» **About this task**:
So that the copy stays text only, transcribe the data below exactly and exclude the images.

» **Collected data**:

_ _ _ _ _

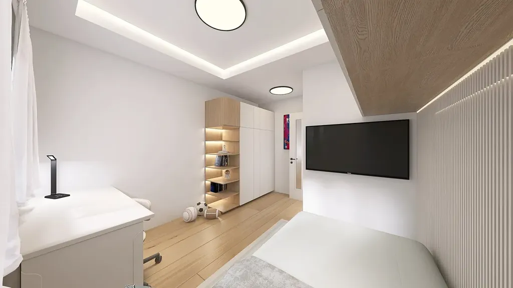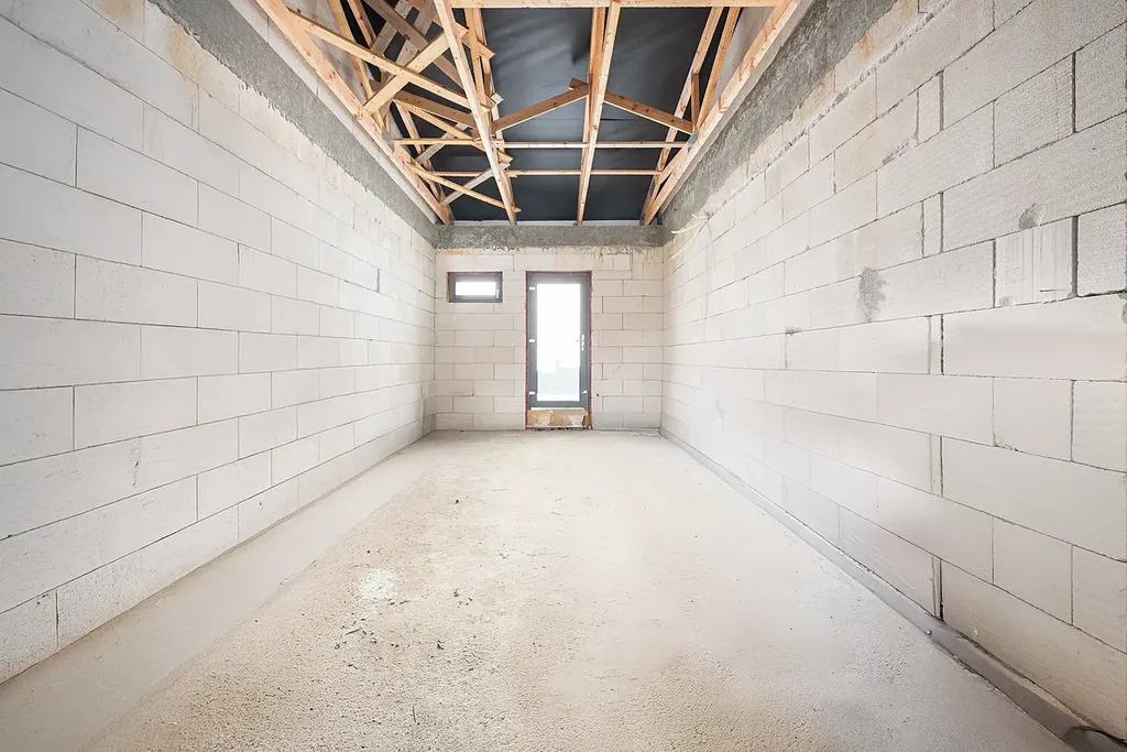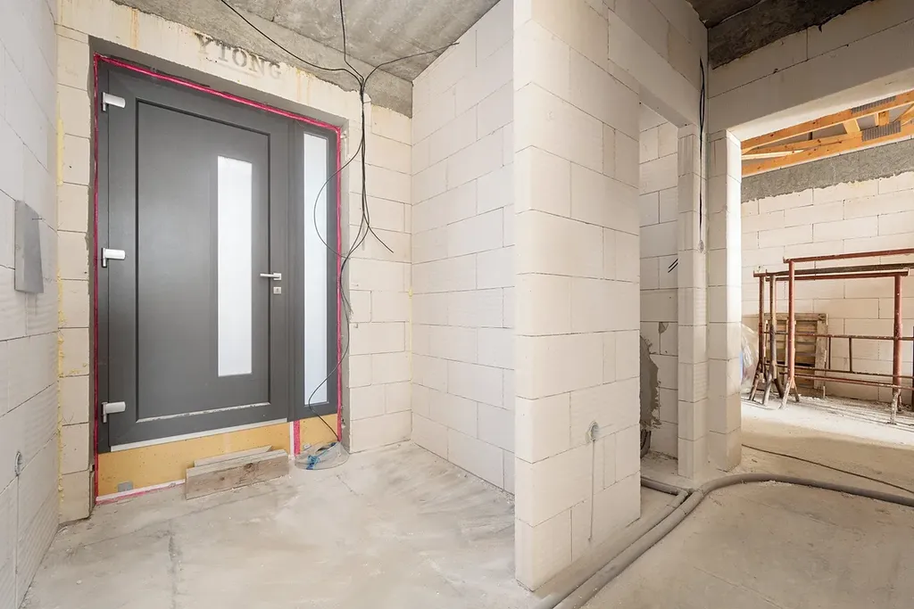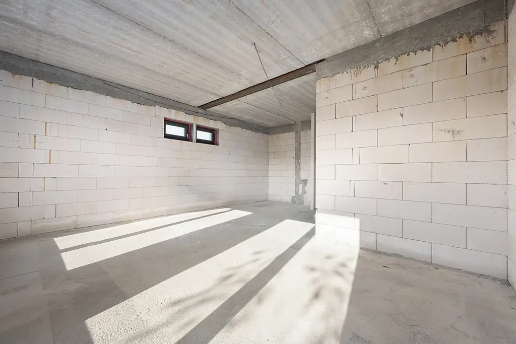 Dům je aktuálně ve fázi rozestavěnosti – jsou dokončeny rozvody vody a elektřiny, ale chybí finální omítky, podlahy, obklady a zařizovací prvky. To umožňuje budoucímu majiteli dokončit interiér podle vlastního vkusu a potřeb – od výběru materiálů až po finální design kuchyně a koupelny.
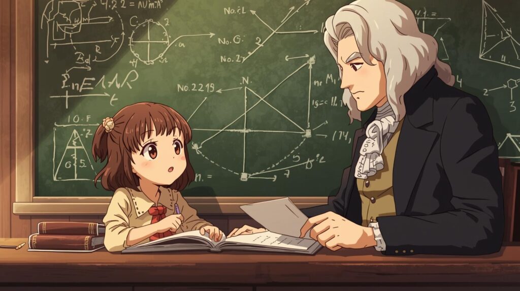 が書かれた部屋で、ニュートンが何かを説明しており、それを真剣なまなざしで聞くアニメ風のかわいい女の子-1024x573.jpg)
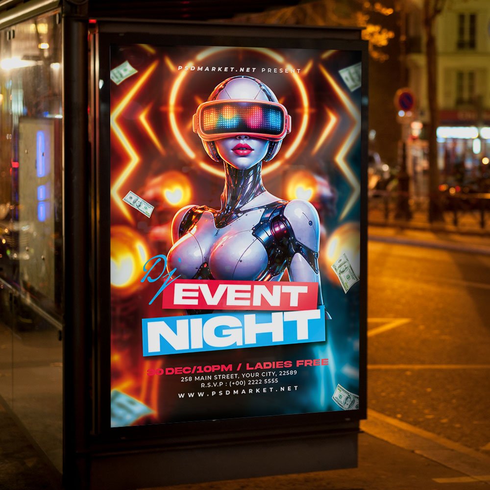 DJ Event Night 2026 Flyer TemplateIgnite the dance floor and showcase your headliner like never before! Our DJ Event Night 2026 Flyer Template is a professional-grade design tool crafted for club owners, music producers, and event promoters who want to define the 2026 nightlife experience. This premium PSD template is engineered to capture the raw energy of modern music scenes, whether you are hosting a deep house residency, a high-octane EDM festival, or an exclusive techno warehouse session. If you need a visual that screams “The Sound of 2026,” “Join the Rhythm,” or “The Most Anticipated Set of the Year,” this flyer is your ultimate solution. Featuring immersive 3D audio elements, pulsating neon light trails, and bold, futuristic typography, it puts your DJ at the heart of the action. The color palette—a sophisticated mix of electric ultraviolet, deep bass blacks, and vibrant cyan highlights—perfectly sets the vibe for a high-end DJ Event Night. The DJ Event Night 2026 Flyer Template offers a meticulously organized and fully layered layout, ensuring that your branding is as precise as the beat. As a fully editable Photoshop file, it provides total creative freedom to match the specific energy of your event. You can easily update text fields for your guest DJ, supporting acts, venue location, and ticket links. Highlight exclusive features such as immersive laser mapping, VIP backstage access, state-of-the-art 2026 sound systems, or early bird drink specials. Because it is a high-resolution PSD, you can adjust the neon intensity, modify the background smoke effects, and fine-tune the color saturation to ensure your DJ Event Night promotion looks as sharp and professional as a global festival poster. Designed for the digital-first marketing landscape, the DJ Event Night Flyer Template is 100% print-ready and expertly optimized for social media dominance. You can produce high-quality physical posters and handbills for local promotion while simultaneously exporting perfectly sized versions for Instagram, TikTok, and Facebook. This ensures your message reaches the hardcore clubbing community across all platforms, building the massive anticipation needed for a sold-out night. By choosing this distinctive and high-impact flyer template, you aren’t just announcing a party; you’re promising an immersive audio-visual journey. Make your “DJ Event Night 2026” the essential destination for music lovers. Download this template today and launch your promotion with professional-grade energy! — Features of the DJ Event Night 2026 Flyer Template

_ _ _ _ _

» **Output for this exercise**:
 Dům je aktuálně ve fázi rozestavěnosti – jsou dokončeny rozvody vody a elektřiny, ale chybí finální omítky, podlahy, obklady a zařizovací prvky. To umožňuje budoucímu majiteli dokončit interiér podle vlastního vkusu a potřeb – od výběru materiálů až po finální design kuchyně a koupelny.
 が書かれた部屋で、ニュートンが何かを説明しており、それを真剣なまなざしで聞くアニメ風のかわいい女の子-1024x573.jpg)
 DJ Event Night 2026 Flyer TemplateIgnite the dance floor and showcase your headliner like never before! Our DJ Event Night 2026 Flyer Template is a professional-grade design tool crafted for club owners, music producers, and event promoters who want to define the 2026 nightlife experience. This premium PSD template is engineered to capture the raw energy of modern music scenes, whether you are hosting a deep house residency, a high-octane EDM festival, or an exclusive techno warehouse session. If you need a visual that screams “The Sound of 2026,” “Join the Rhythm,” or “The Most Anticipated Set of the Year,” this flyer is your ultimate solution. Featuring immersive 3D audio elements, pulsating neon light trails, and bold, futuristic typography, it puts your DJ at the heart of the action. The color palette—a sophisticated mix of electric ultraviolet, deep bass blacks, and vibrant cyan highlights—perfectly sets the vibe for a high-end DJ Event Night. The DJ Event Night 2026 Flyer Template offers a meticulously organized and fully layered layout, ensuring that your branding is as precise as the beat. As a fully editable Photoshop file, it provides total creative freedom to match the specific energy of your event. You can easily update text fields for your guest DJ, supporting acts, venue location, and ticket links. Highlight exclusive features such as immersive laser mapping, VIP backstage access, state-of-the-art 2026 sound systems, or early bird drink specials. Because it is a high-resolution PSD, you can adjust the neon intensity, modify the background smoke effects, and fine-tune the color saturation to ensure your DJ Event Night promotion looks as sharp and professional as a global festival poster. Designed for the digital-first marketing landscape, the DJ Event Night Flyer Template is 100% print-ready and expertly optimized for social media dominance. You can produce high-quality physical posters and handbills for local promotion while simultaneously exporting perfectly sized versions for Instagram, TikTok, and Facebook. This ensures your message reaches the hardcore clubbing community across all platforms, building the massive anticipation needed for a sold-out night. By choosing this distinctive and high-impact flyer template, you aren’t just announcing a party; you’re promising an immersive audio-visual journey. Make your “DJ Event Night 2026” the essential destination for music lovers. Download this template today and launch your promotion with professional-grade energy! — Features of the DJ Event Night 2026 Flyer Template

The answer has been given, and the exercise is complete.